**Directions for this task:** Repeat the listing below exactly. Pictures do not belong in the copy.

**Information provided:**
* * *

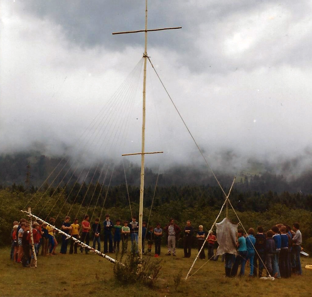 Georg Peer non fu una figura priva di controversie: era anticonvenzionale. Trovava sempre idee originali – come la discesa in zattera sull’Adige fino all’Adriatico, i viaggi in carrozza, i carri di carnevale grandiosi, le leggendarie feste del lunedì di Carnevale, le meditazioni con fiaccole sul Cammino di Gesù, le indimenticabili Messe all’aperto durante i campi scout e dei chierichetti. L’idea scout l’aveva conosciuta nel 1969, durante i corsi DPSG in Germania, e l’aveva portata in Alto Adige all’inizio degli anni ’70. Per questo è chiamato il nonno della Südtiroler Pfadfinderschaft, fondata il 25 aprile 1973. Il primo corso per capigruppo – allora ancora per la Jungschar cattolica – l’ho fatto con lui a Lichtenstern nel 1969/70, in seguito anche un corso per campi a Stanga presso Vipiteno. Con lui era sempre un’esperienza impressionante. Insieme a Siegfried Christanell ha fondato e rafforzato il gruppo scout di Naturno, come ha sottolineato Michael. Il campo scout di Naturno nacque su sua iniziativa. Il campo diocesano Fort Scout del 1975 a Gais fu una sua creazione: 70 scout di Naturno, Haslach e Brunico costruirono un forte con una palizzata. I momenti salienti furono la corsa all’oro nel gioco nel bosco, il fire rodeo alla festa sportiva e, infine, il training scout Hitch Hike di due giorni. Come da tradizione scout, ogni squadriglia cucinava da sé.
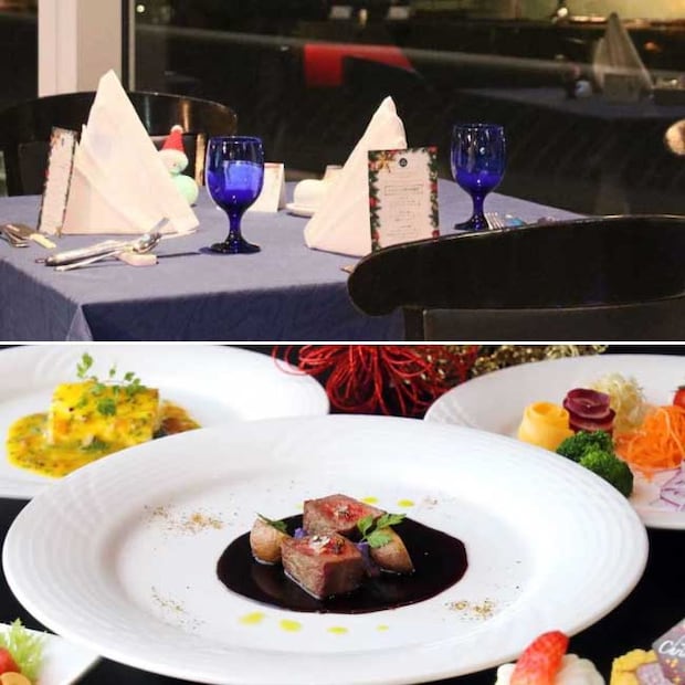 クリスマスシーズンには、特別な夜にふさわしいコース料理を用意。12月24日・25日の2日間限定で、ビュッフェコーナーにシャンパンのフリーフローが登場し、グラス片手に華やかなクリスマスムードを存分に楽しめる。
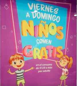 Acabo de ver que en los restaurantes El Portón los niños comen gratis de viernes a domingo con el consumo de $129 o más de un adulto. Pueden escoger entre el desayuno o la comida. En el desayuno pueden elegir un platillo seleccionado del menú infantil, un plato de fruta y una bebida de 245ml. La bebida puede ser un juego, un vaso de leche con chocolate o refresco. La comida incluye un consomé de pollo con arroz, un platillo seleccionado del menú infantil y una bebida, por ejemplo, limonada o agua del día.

* * *

**Response to this exercise:**
 Georg Peer non fu una figura priva di controversie: era anticonvenzionale. Trovava sempre idee originali – come la discesa in zattera sull’Adige fino all’Adriatico, i viaggi in carrozza, i carri di carnevale grandiosi, le leggendarie feste del lunedì di Carnevale, le meditazioni con fiaccole sul Cammino di Gesù, le indimenticabili Messe all’aperto durante i campi scout e dei chierichetti. L’idea scout l’aveva conosciuta nel 1969, durante i corsi DPSG in Germania, e l’aveva portata in Alto Adige all’inizio degli anni ’70. Per questo è chiamato il nonno della Südtiroler Pfadfinderschaft, fondata il 25 aprile 1973. Il primo corso per capigruppo – allora ancora per la Jungschar cattolica – l’ho fatto con lui a Lichtenstern nel 1969/70, in seguito anche un corso per campi a Stanga presso Vipiteno. Con lui era sempre un’esperienza impressionante. Insieme a Siegfried Christanell ha fondato e rafforzato il gruppo scout di Naturno, come ha sottolineato Michael. Il campo scout di Naturno nacque su sua iniziativa. Il campo diocesano Fort Scout del 1975 a Gais fu una sua creazione: 70 scout di Naturno, Haslach e Brunico costruirono un forte con una palizzata. I momenti salienti furono la corsa all’oro nel gioco nel bosco, il fire rodeo alla festa sportiva e, infine, il training scout Hitch Hike di due giorni. Come da tradizione scout, ogni squadriglia cucinava da sé.
 クリスマスシーズンには、特別な夜にふさわしいコース料理を用意。12月24日・25日の2日間限定で、ビュッフェコーナーにシャンパンのフリーフローが登場し、グラス片手に華やかなクリスマスムードを存分に楽しめる。
 Acabo de ver que en los restaurantes El Portón los niños comen gratis de viernes a domingo con el consumo de $129 o más de un adulto. Pueden escoger entre el desayuno o la comida. En el desayuno pueden elegir un platillo seleccionado del menú infantil, un plato de fruta y una bebida de 245ml. La bebida puede ser un juego, un vaso de leche con chocolate o refresco. La comida incluye un consomé de pollo con arroz, un platillo seleccionado del menú infantil y una bebida, por ejemplo, limonada o agua del día.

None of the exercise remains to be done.